Reduced production boosting catfish prices
• Those farmers still in the catfish business are benefitting from higher prices due to a drop in production.

The recent spike in wholesale and retail prices for farm-raised catfish from domestic producers is the result of a drop in production capacity that has transpired in recent years, according to those in the industry.

“We are encouraged by our Alabama catfish farmers who have persevered through tough economic times and now appear to be well positioned for the long-term,” says Commissioner John McMillan of the state Department of Agriculture & Industries.

While Alabama’s catfish farmers are at or near production levels of prior years, the same is not so for catfish farmers in other states in the Southeast, many of whom have shifted into grain or other agricultural production.

“Costs for fuel and feed are up substantially, which hurt catfish farmers,” explains McMillan. “However, those farmers still in the catfish business are benefitting from higher prices due to a drop in production.”

According to Randy Rhodes, president of Harvest Select Catfish of Uniontown, Ala., catfish farmers today get an average of $1.07 a pound versus $.65 a year ago. “It’s great for the catfish farmers who had been struggling but now are able to turn a profit,” says Rhodes. “This means higher prices for catfish in restaurants and in the grocery stores.

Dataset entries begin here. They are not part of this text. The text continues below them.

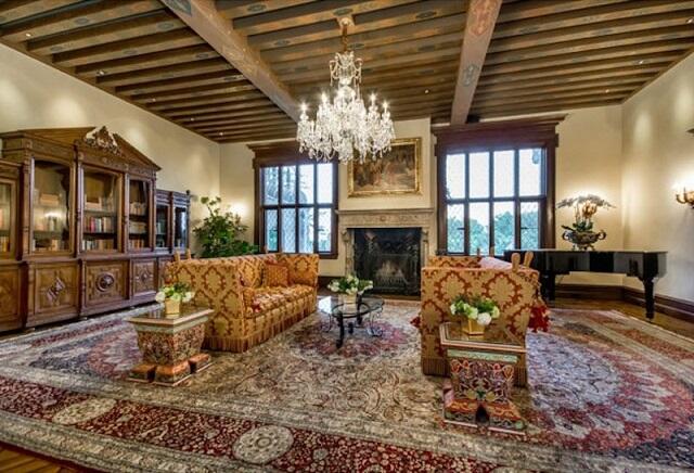 Интерьер резиденции выполнен в утонченном и изысканном «историческом стиле»: здесь невольно вспоминаешь о том, как жили наши предки. В доме очень много элегантных предметов мебели, привезенные из Европы. В настоящее время резиденция выставлена на продажу за 27 миллионов долларов.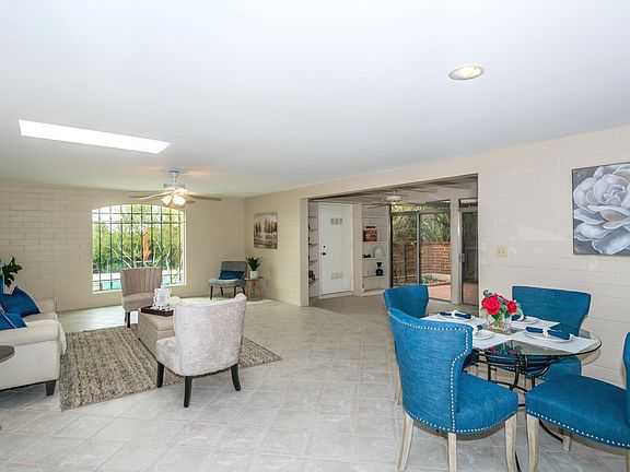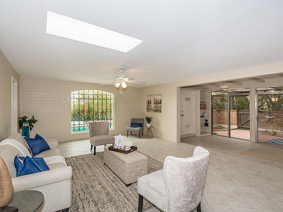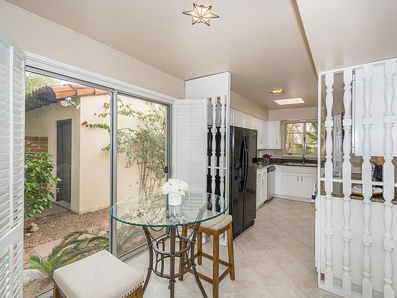 Welcome home to the highly desirable community of Catalina Pueblo with enchanting grounds, 3 community pools, and just a stone's throw to some of the best shopping and dining Tucson has to offer! This charming burnt adobe townhome on a premium lot has a lovely courtyard entry, very spacious living and dining areas w/neutral tile and an inviting kitchen w/pull-out cabinets, granite counters, SS appliances and a cozy breakfast area. It also has its own private entrance to one of the community pools, almost like having your own without the maintenance! Spacious master w/ensuite bath and walk-in closet. Bonus AZ room has built-in bookshelves and exposed beam ceilings. Multiple skylights make this home light and bright. Delightful back patio w/pergola, brick pavers and mature landscaping!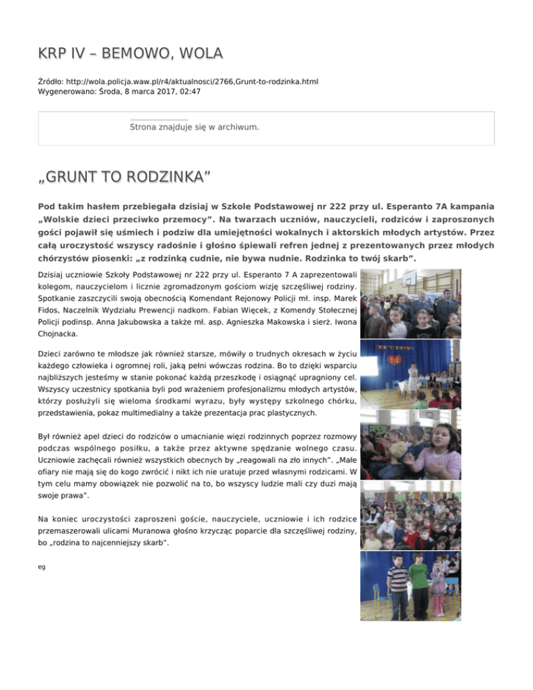 KRP IV – BEMOWO, WOLA Źródło: http://wola.policja.waw.pl/r4/aktualnosci/2766,Grunt-to-rodzinka.html Wygenerowano: Środa, 8 marca 2017, 02:47 Strona znajduje się w archiwum. „GRUNT TO RODZINKA” Pod takim hasłem przebiegała dzisiaj w Szkole Podstawowej nr 222 przy ul. Esperanto 7A kampania „Wolskie dzieci przeciwko przemocy”. Na twarzach uczniów, nauczycieli, rodziców i zaproszonych gości pojawił się uśmiech i podziw dla umiejętności wokalnych i aktorskich młodych artystów. Przez całą uroczystość wszyscy radośnie i głośno śpiewali refren jednej z prezentowanych przez młodych chórzystów piosenki: „z rodzinką cudnie, nie bywa nudnie. Rodzinka to twój skarb”. Dzisiaj uczniowie Szkoły Podstawowej nr 222 przy ul. Esperanto 7 A zaprezentowali kolegom, nauczycielom i licznie zgromadzonym gościom wizję szczęśliwej rodziny. Spotkanie zaszczycili swoją obecnością Komendant Rejonowy Policji mł. insp. Marek Fidos, Naczelnik Wydziału Prewencji nadkom. Fabian Więcek, z Komendy Stołecznej Policji podinsp. Anna Jakubowska a także mł. asp. Agnieszka Makowska i sierż. Iwona Chojnacka. Dzieci zarówno te młodsze jak również starsze, mówiły o trudnych okresach w życiu każdego człowieka i ogromnej roli, jaką pełni wówczas rodzina. Bo to dzięki wsparciu najbliższych jesteśmy w stanie pokonać każdą przeszkodę i osiągnąć upragniony cel. Wszyscy uczestnicy spotkania byli pod wrażeniem profesjonalizmu młodych artystów, którzy posłużyli się wieloma środkami wyrazu, były występy szkolnego chórku, przedstawienia, pokaz multimedialny a także prezentacja prac plastycznych. Był również apel dzieci do rodziców o umacnianie więzi rodzinnych poprzez rozmowy podczas wspólnego posiłku, a także przez aktywne spędzanie wolnego czasu. Uczniowie zachęcali również wszystkich obecnych by „reagowali na zło innych”. „Małe ofiary nie mają się do kogo zwrócić i nikt ich nie uratuje przed własnymi rodzicami. W tym celu mamy obowiązek nie pozwolić na to, bo wszyscy ludzie mali czy duzi mają swoje prawa”. Na koniec uroczystości zaproszeni goście, nauczyciele, uczniowie i ich rodzice przemaszerowali ulicami Muranowa głośno krzycząc poparcie dla szczęśliwej rodziny, bo „rodzina to najcenniejszy skarb”. eg Ocena: 0/5 (0) Tweetnij

But, our biggest problem is getting product.”

Rhodes, whose company has production facilities in Arkansas, Mississippi as well as Alabama, says the outlook is for a leveling out of catfish prices in the next two to three years. “Farmers will be in a better position because of it,” he adds.

Catfish production is on a two-year cycle, based on the time it takes for catfish to mature from fingerling to adult. With higher prices as an incentive to increase production, farmers may increase their output.

According to the U.S. Department of Agriculture, catfish pond acreage dropped by 9,000 acres in Mississippi and 6,000 acres in Arkansas between 2009 and 2010 while Alabama’s producing acres dipped only slightly by 600 acres to 19,200.

According to Mitt Walker, director of the Alabama Farmers Federation’s Catfish Division, nearly 200 Alabama farmers produce over 100 million pounds of farm-raised catfish per year.

Last year, Alabama catfish production brought in $107 million. Only Mississippi is larger with $217 million in 2010 catfish production. Together, both states account for more than 80 percent of America’s catfish production.

“Our marketing efforts have been successful in recent years as American consumers have been buying more and more domestic catfish,” Walker said. “That demand will level out a bit, but consumers across America continue to want our farm-raised catfish.”